第五章 死んで花実が咲くものか



静かな部屋に響いているのは時計の音と一つの小さな寝息。


俺は寝転がり乍ら頬杖ついてルナの寝顔を眺めていた。

その寝顔に片手を伸ばし顔に掛かるルナの髪を耳に掛けてやった。そして、その儘すぅーすぅーと小さく呼吸する無防備に開けた唇に触れた。ふにっと柔らかな感触が指の先から伝わる。先刻までこの桃色の唇から甘い声を漏らしたと思うと妙にエロく見える。

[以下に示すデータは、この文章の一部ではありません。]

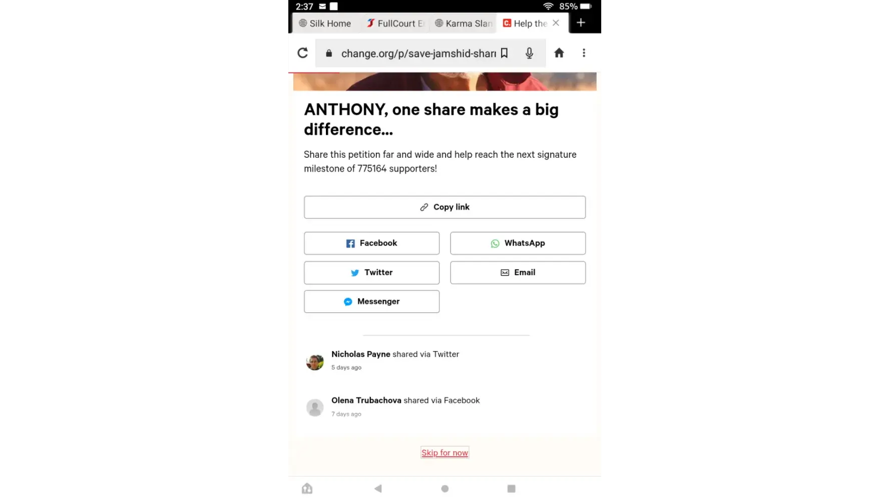 A new window opens asking you to Share the petition. At the bottom is " Skip For Now"
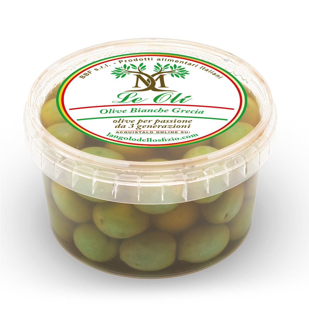 Olive greche verdi dal gusto pieno e polposa consistenza, lavorate tradizionalmente. Ideali per chi cerca sapori autentici mediterranei.

こんな風になぞるように触れていっても起きねェのは余程安心して眠ってんのか。それとも疲れたのか。どちらにしろ、眠れているのはいい事だ。若し、あのままルナを拠点に返して一人にさせたら恐らく此奴は眠らなかっただろう。



太宰と二人っきりにさせたのは誤算だった。



夕方、首領に呼び出され早々に「明日丸一日休暇をあげよう。ルナちゃんにも伝えといてくれ」と云われた。


大人気もなくルナを避けていたのは事実だ。此奴には説教よりも効果的だと思った。実際、そうだった。だが、時間が経って思い返した。少しやり過ぎたと。そう思ったから、ルナが行きそうな場所を車で駆け回った。

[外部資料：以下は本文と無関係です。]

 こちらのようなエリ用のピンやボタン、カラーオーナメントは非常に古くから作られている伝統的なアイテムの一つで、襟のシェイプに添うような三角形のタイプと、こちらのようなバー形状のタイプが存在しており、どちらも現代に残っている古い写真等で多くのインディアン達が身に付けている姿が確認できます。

そして、川沿いを走っている時にその姿を見つけた。だが、俺はルナの前に立っていた男を見た瞬間に胸の内から黒い靄のようなものが湧き上がってくのを感じた。それに駆り立てられるように車から飛び出した俺はその時気付いていた。ルナの瞳から光が消えていくのを。勿論、太宰の野郎がルナに刃を向けていた事も判った。だが、それよりも早く駆け寄る必要があった理由は、ルナの瞳を見たからだ。深淵より深い底なしの闇。それしか映さないあの瞳を久し振りに見たのだ。もう二度とそんな瞳をさせまいと誓ったのに。


しかし、幸いにも間に合った。

完全に闇の中に沈む前に。


ルナの瞳に光が戻り、驚きの表情をしている事が覆った瞳から手に伝わってきたのを感じ取り、心の底から安堵した。


太宰があの場でルナを殺すつもりだったとは思えない。しかし、ルナは如何だろうか?若し仮に本気で太宰がルナを殺しに来たら、ルナは無抵抗に殺される心算なのだろうか?


俺はルナと太宰の間に何があったか詳しくは知らねェ。報告書には勿論ルナの感情も太宰の感情も書き込まれてはいないのだから。


感情の正体。

人間が必ず持つ心の叫び。

それを持たなかったルナ。


ルナ、手前は未だその孤独に苦しんでいるのか?



太宰に恨まれて憎まれてもいいじゃねェか。


「俺が、守ってやるから」


たとえ、誰を殺したとしても俺は手前の傍から離れねェから。



眠るルナを抱き締める。
温もりが消えないように。
決して離さぬように。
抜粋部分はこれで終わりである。